Diagnosa banding SMA yang muncul saat onset dewasa yaitu penyakit neuromuskular yang timbul pada onset dewasa, di antaranya:

• Amyotrophic lateral sclerosis (ALS): Didapatkan kelemahan otot-otot proksimal, atrofi, dan fasikulasi otot, yang membedakan dengan SMA adalah atrofi testikular yang menurunkan fertilitas dan dapat ditemukan adanya ginekomastia yang terjadi secara progresif

• Spinal and bulbar muscular atrophy: Didapatkan tanda-tanda gangguan lower motor neuron, yang membedakan dengan SMA adalah didapatkan gangguan pada upper motor neuron[6,9]

Pemeriksaan Penunjang

Uji genetik merupakan pemeriksaan untuk memastikan diagnosis SMA karena penyakit ini disebabkan oleh adanya delesi atau mutasi pada gen SMN1.

Uji Genetik

Pemeriksaan genetik dapat menggunakan polymerase chain reaction (PCR) atau multiplex ligation probe amplification (MLPA) dengan sensitivitas 95% dan spesifisitas hampir mendekati 100% untuk mendeteksi adanya delesi ekson 7 pada gen SMN1.

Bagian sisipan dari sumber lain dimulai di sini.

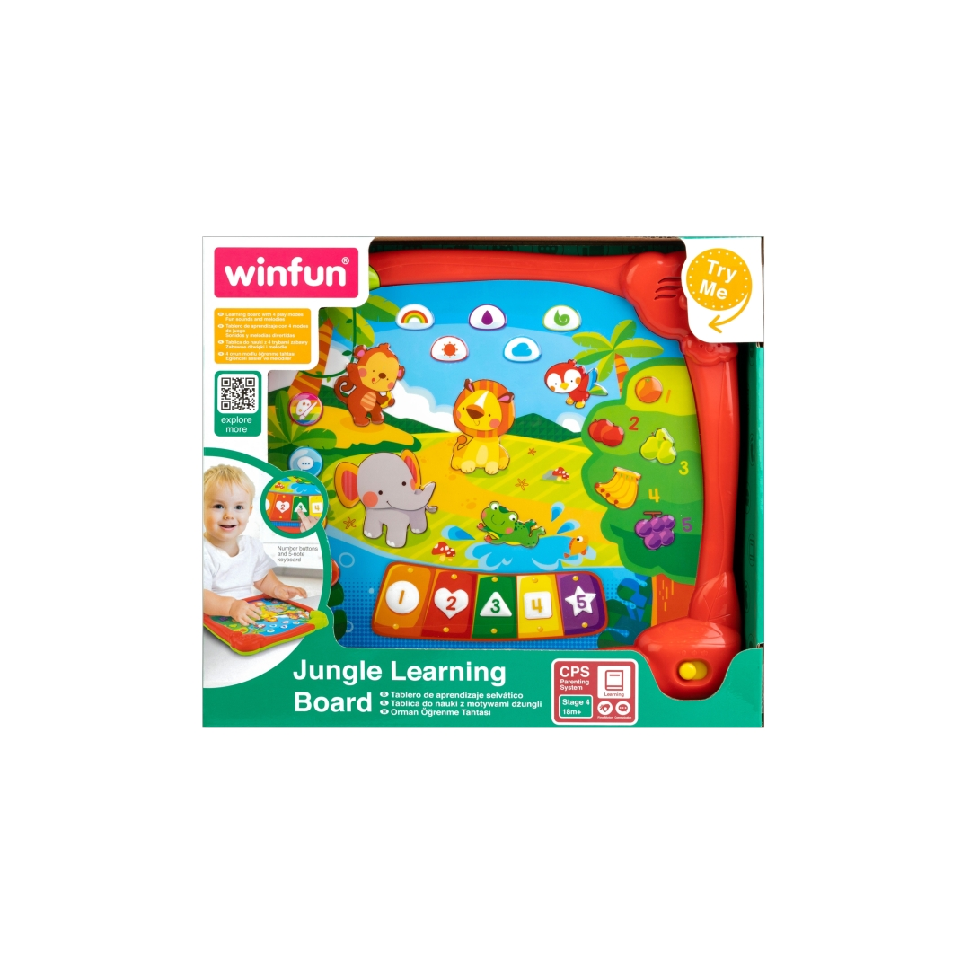 Jungle friends learning board 4 modes of play: colours, objects and sound effects, music, and question time Number buttons and 5-note keyboard Learn to count with different fruits Animal and weather sound effects Bright and colourful design with easy-press buttons Fun sounds and melodies 2 "AA" batteries included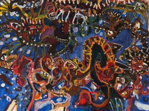 John Olsen embraces life with a gusto that is infectious. The hedonistic exuberance that distinguishes his art of this time, flows through such paintings of earthly delights as Half Past Six at the Fitzroy, 1963, in the collection of the Art Gallery of South Australia, Adelaide, and Entrance to the Sea Port of Desire, 1964, in the Art Gallery of New South Wales, Sydney, on into Sydney Nights, 1965. Bubbling over with enthusiasm, they seduce the eye through their metamorphic imagery, sinuous paint and colour, outlines of landforms and of those who inhabit them interchanging with unstoppable dynamism. Olsen was living in Victoria Street, Potts Point, then the centre of Sydney's thriving young art world. His unrivalled view of the Harbour with its ceaseless change provided constant inspiration for Sydney Nights and the other lively paintings of this series. They are so evocative you can hear the rowdiness of the pubs, feel the good life, and sense the mateship. As if to emphasize the point, Olsen morphed human profiles into headlands, a painterly gesture into a Luna Park. They are paintings supremely redolent of Australia of the sixties. Olsen's star was in brilliant ascendancy, as he focused on city and outback alike, be it the Entrance to the Siren City of the Rat Race or the 'You Beaut Country' series.1 In Sydney Nights and other like paintings, abstractly expressive landscapes of people and places teem with life " arterial lights and flashing signs, everything happening at once in homage to and celebration of the circus of living. Raw colours straight from the tube are set against sonorous deep blues to create celebratory pictorial metaphors of the moment. Only the aerial view can suffice to capture all with a calligraphic and pulsating sweep of paint.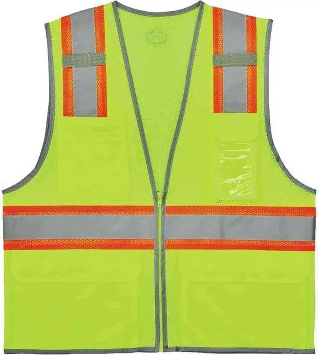 Two Tone Mesh Safety Vest, Lime S/M, ANSI Class 2, Vest Size M, S, Number of Pockets with Closure 3, Features Dual Radio Mic Tabs, ID Window, Reflective Binding Accents Outline the Wearer, Standards ANSI-Compliant. This item has been restricted from sale in the following state (s): []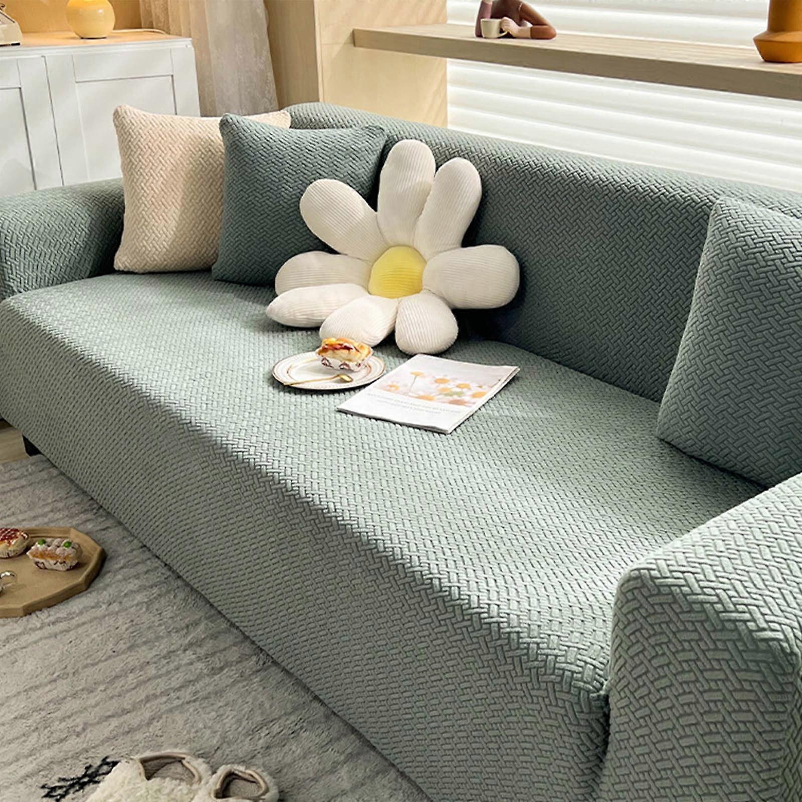 Blukids Super Stretch Couch Cover 3-Seater, 1-Piece Jacquard Spandex Sofa Protector for Dogs, Pet-Friendly Fitted (Green, XL)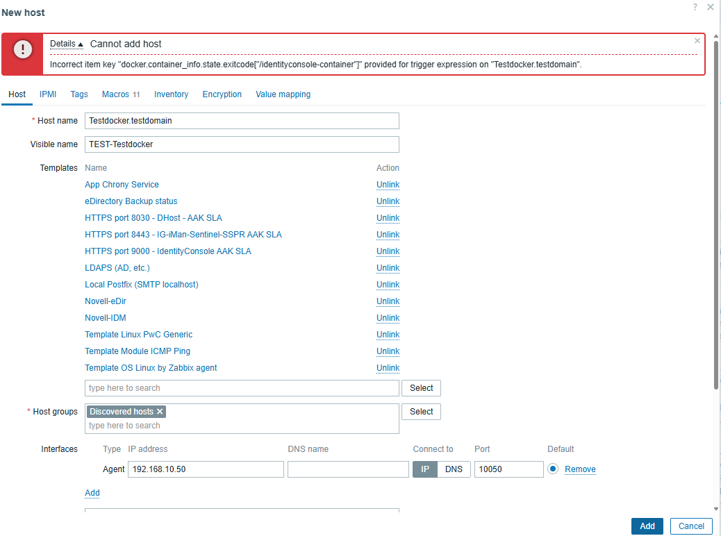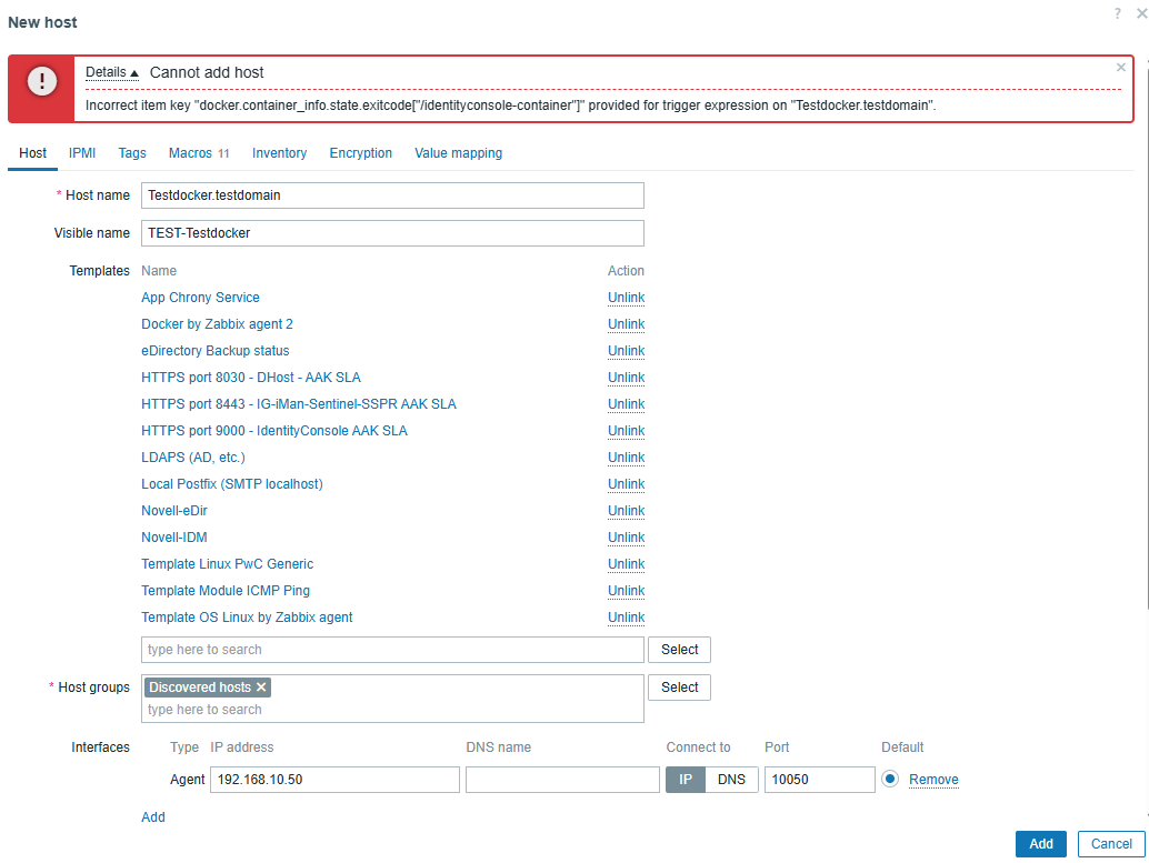 4. Only solution I have found so far is create a host from scratch and add templates manually to that, set up requires macros manually as well.

Pemeriksaan gen SMN2 juga dapat dilakukan untuk menentukan jenis SMA dan menentukan prognosis pasien, karena semakin banyak SMN2 maka klinis akan lebih ringan dan juga kemungkinan bertahan hidup lebih tinggi.[3,6]

Elektromiografi (EMG)

Selain pemeriksaan genetik, pemeriksaan lain yang dapat dilakukan adalah elektromiografi (EMG) dan biopsi otot, walaupun saat ini pemeriksaan tersebut sudah jarang dilakukan karena adanya uji genetik. Pada pemeriksaan EMG akan didapatkan aktivitas spontan abnormal dengan disertai adanya fibrilasi dan gelombang tajam positif. Amplitudo potensial aksi motorik juga meningkat dan gelombang yang dihasilkan akan memberikan gambaran polifasik.[6]

Biopsi Otot

Pada biopsi otot, didapatkan gambaran atrofi pada serabut otot tipe 1 dan 2 yang diselingi dengan serabut tipe 1 yang mengalami hipertrofi. Serabut otot yang mengalami hipertrofi akan dipersarafi oleh saraf yang memiliki diameter 3–4 kali lebih besar daripada ukuran normal. Biopsi otot ini mungkin akan sulit dilakukan pada bayi baru lahir karena gambaran serabut otot yang belum sempurna dan masih berkembang.[6]